§ Data under study:
---+---

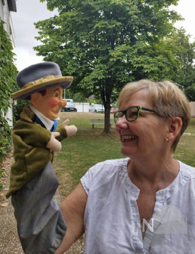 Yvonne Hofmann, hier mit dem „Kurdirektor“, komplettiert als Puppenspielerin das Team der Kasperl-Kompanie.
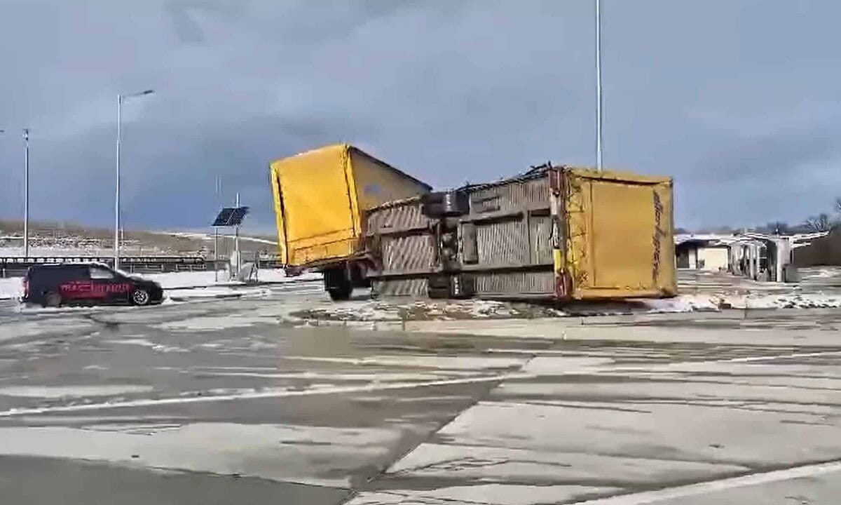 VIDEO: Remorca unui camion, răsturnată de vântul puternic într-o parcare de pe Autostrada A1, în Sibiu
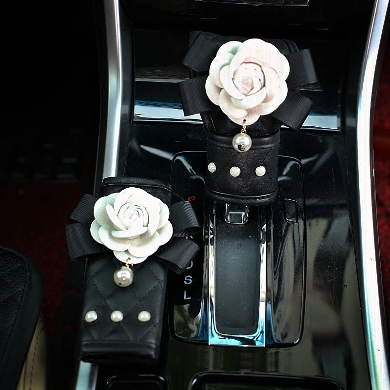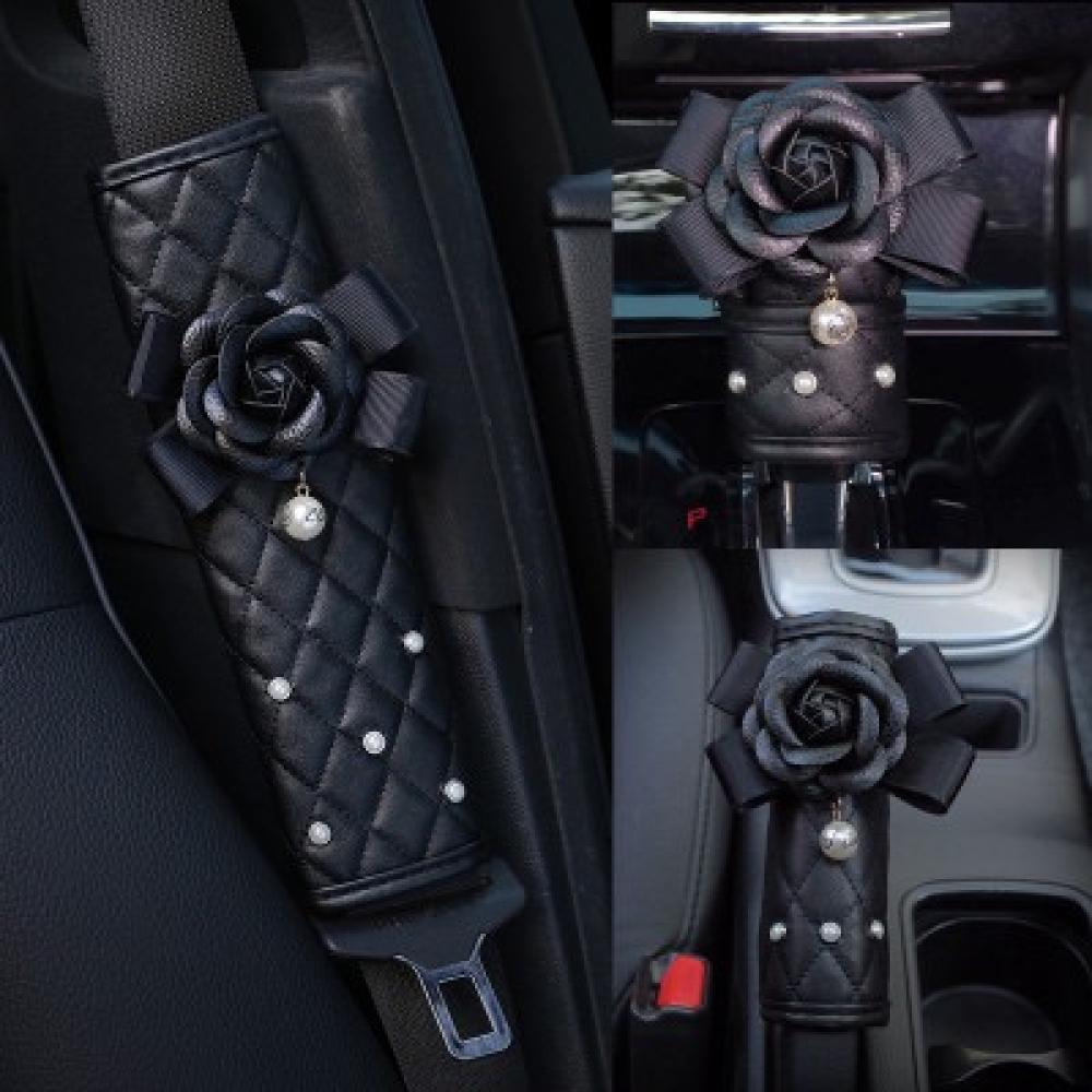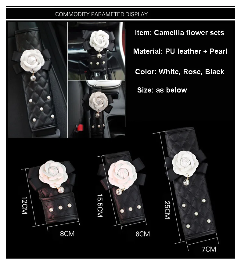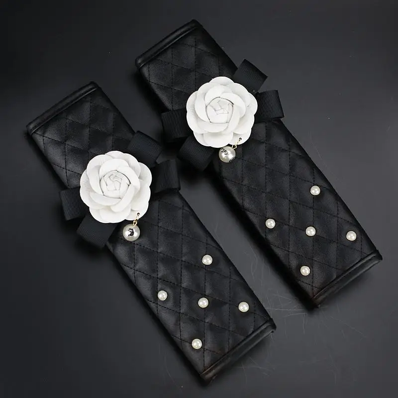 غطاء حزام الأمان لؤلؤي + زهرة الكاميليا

---+---

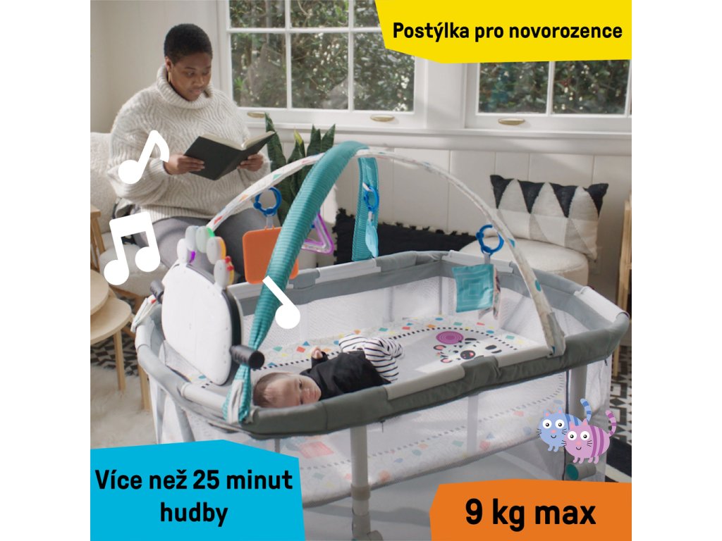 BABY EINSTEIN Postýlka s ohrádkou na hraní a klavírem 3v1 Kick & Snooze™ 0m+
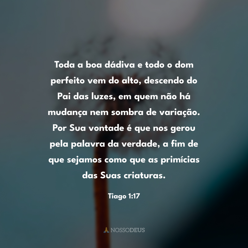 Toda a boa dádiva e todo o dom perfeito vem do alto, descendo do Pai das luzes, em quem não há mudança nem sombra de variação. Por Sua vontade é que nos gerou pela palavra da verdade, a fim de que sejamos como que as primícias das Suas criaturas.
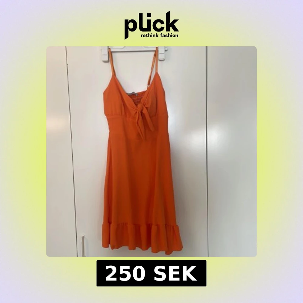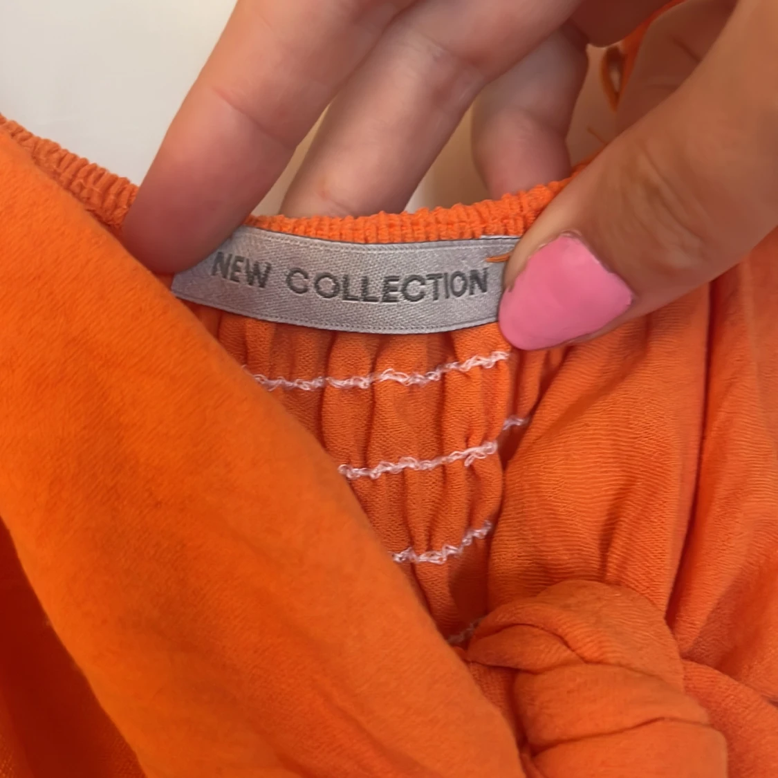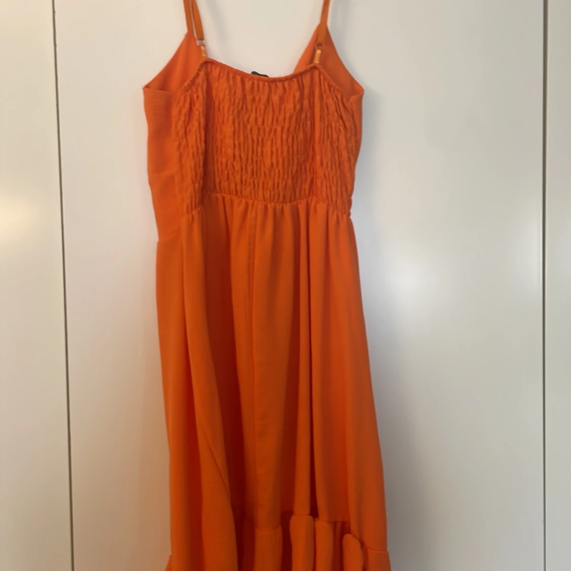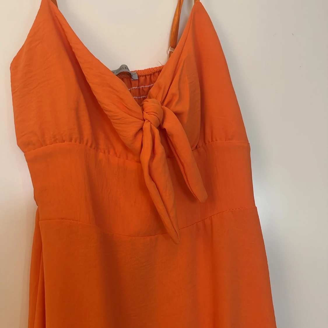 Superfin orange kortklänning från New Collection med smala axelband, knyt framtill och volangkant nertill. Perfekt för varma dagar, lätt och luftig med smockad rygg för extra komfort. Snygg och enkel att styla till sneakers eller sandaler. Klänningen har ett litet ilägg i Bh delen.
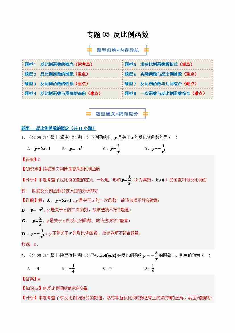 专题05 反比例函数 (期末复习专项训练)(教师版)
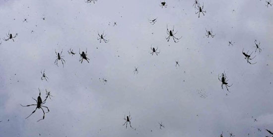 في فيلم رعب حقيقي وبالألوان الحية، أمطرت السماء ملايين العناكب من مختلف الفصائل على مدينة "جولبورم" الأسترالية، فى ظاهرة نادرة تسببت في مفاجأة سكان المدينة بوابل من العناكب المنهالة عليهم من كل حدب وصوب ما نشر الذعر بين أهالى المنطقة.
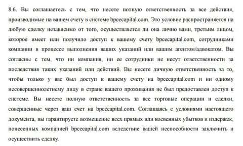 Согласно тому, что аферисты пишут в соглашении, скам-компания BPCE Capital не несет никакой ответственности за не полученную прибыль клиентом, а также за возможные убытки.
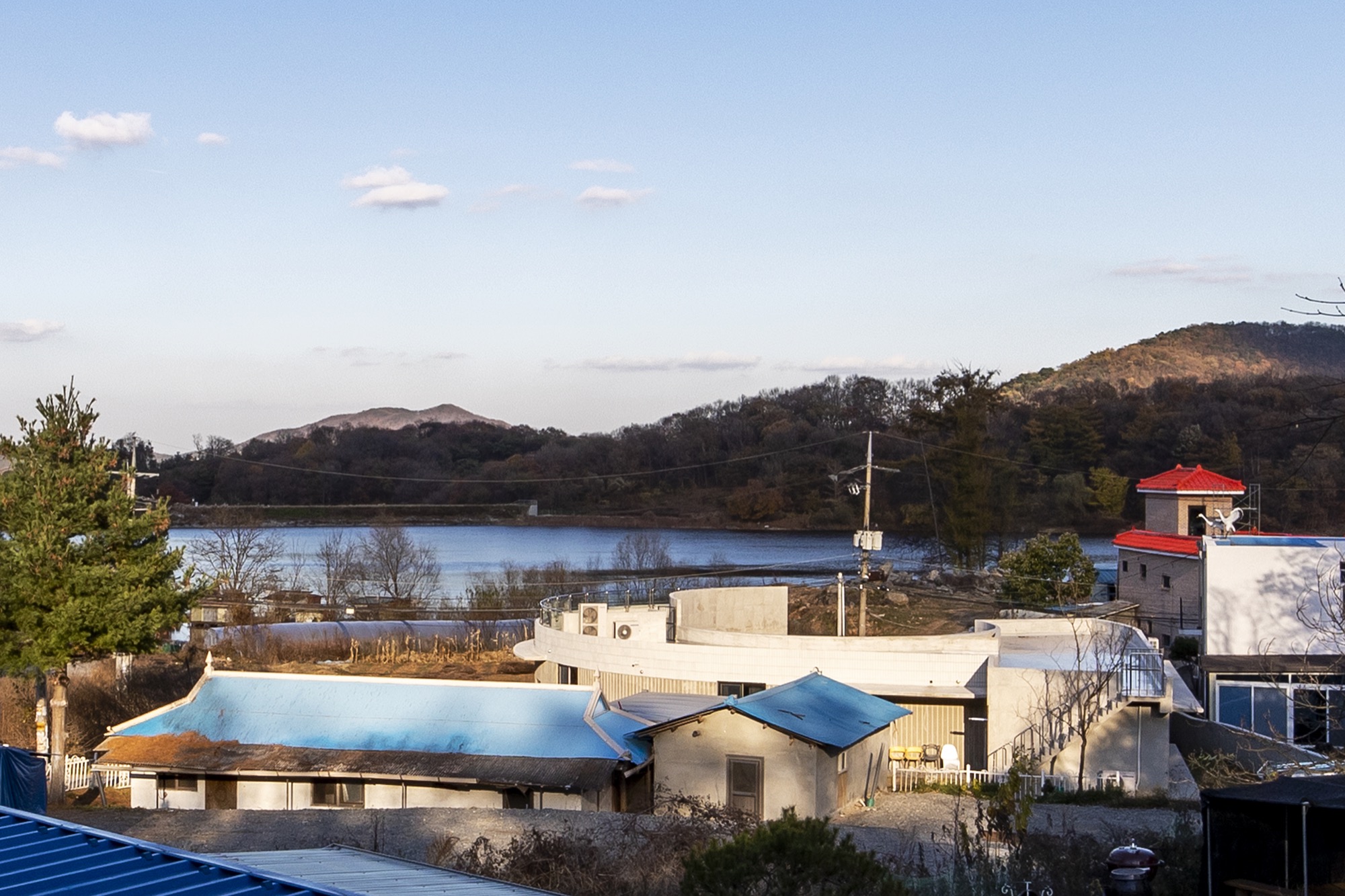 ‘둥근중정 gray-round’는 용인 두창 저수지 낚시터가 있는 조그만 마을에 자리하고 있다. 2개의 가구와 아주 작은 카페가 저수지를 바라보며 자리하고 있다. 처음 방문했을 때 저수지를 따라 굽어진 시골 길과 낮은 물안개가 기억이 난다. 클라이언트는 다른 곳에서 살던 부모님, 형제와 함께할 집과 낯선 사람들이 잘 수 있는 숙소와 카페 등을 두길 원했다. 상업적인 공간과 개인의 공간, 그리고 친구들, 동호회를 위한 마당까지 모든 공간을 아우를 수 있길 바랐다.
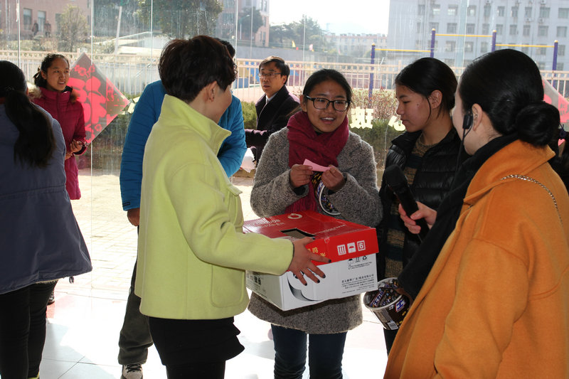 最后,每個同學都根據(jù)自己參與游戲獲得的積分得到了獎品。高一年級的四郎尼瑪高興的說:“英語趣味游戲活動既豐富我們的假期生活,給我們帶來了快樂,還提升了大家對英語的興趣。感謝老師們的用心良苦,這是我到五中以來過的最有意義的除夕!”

---+---

§ What to do:
Exact copy, pictures excluded: every line above from the one containing "في فيلم رعب" to the one containing "最后,每個同學都根據(jù)", inclusive, and nothing more.

§ Completed exercise:
 في فيلم رعب حقيقي وبالألوان الحية، أمطرت السماء ملايين العناكب من مختلف الفصائل على مدينة "جولبورم" الأسترالية، فى ظاهرة نادرة تسببت في مفاجأة سكان المدينة بوابل من العناكب المنهالة عليهم من كل حدب وصوب ما نشر الذعر بين أهالى المنطقة.
 Согласно тому, что аферисты пишут в соглашении, скам-компания BPCE Capital не несет никакой ответственности за не полученную прибыль клиентом, а также за возможные убытки.
 ‘둥근중정 gray-round’는 용인 두창 저수지 낚시터가 있는 조그만 마을에 자리하고 있다. 2개의 가구와 아주 작은 카페가 저수지를 바라보며 자리하고 있다. 처음 방문했을 때 저수지를 따라 굽어진 시골 길과 낮은 물안개가 기억이 난다. 클라이언트는 다른 곳에서 살던 부모님, 형제와 함께할 집과 낯선 사람들이 잘 수 있는 숙소와 카페 등을 두길 원했다. 상업적인 공간과 개인의 공간, 그리고 친구들, 동호회를 위한 마당까지 모든 공간을 아우를 수 있길 바랐다.
 最后,每個同學都根據(jù)自己參與游戲獲得的積分得到了獎品。高一年級的四郎尼瑪高興的說:“英語趣味游戲活動既豐富我們的假期生活,給我們帶來了快樂,還提升了大家對英語的興趣。感謝老師們的用心良苦,這是我到五中以來過的最有意義的除夕!”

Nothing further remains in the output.